> _What you will do_
Only the lines from the one containing "Alternativ udnyttelse af" through the end of the data are wanted, reproduced exactly and without pictures.

▬▬▬▬▬▬

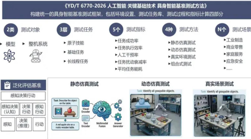
图 2: 《YD/T 6770-2026 人工智能关键基础技术具身智能基准测试方法》
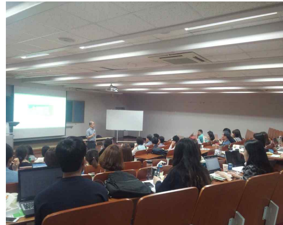
▲ 마음챙김-긍정심리연구회 16년 06월 월례회 사진
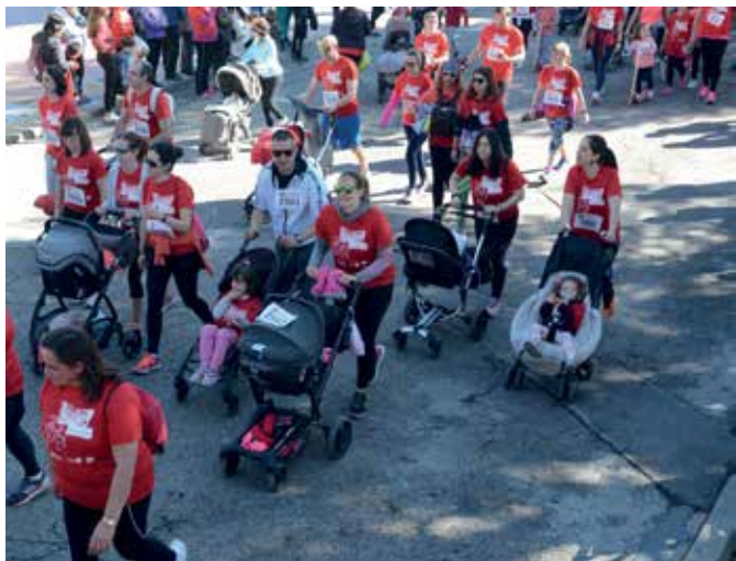
▲ Las familias también llevaron a los más 'peques' en esta jornada reivindicativa.

El domingo 10 de marzo tuvo lugar una nueva edición de la Carrera de la Mujer, un evento que se ha convertido en uno de los acontecimientos sociales y deportivos más importantes del año en nuestra ciudad. Miles de vecinas y vecinos, sin importar edad ni condición, salieron del Recinto Ferial del Parque de La Marina para 'correr' las calles de Sanse en una fiesta que fue el colofón a los actos y actividades conmemorativos por el Día Internacional de la Mujer.
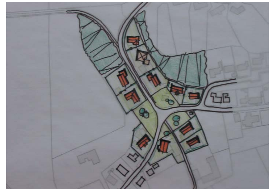
Alternativ udnyttelse af savværket til parcelhuse og byhave.
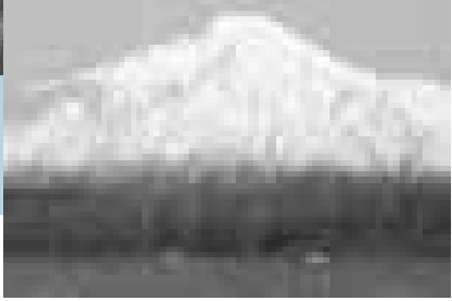
ペンケ沼で羽を休める白鳥
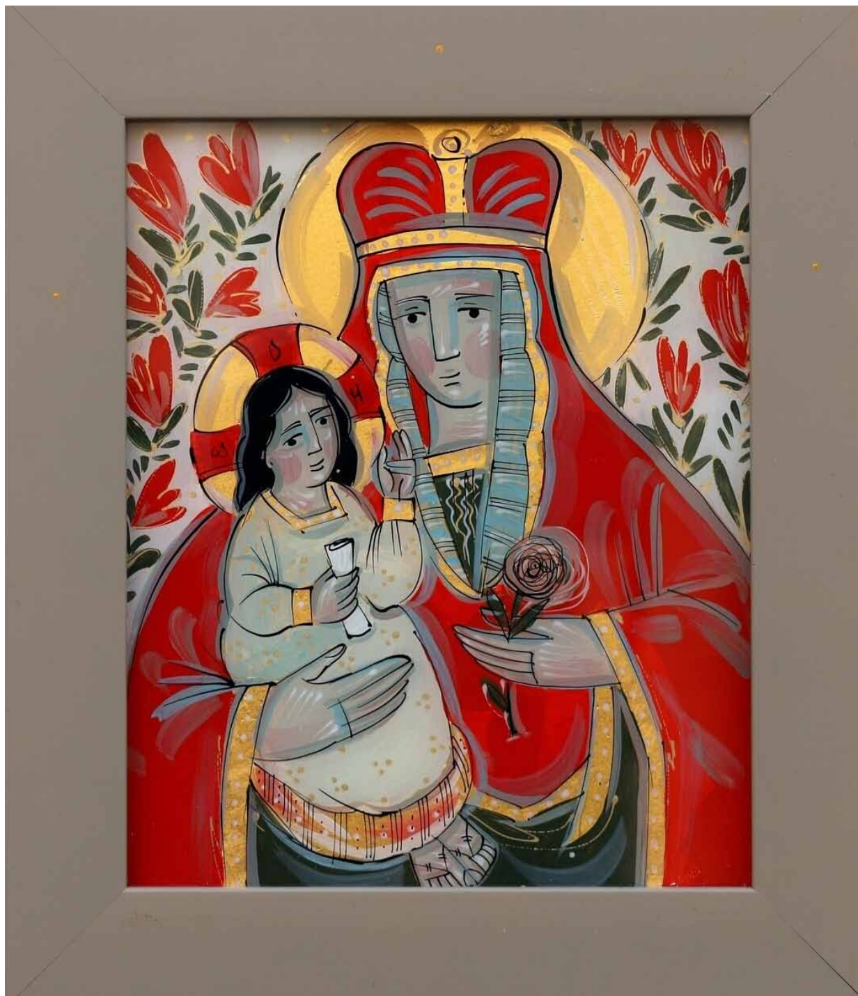
23. Ulana Krechowec, Matka Boża Kwiat Niewiędący , 2022, szkło, akryl, tempera, tusz, zbiory prywatne

▬▬▬▬▬▬

> _Written response_
Alternativ udnyttelse af savværket til parcelhuse og byhave.
ペンケ沼で羽を休める白鳥
23. Ulana Krechowec, Matka Boża Kwiat Niewiędący , 2022, szkło, akryl, tempera, tusz, zbiory prywatne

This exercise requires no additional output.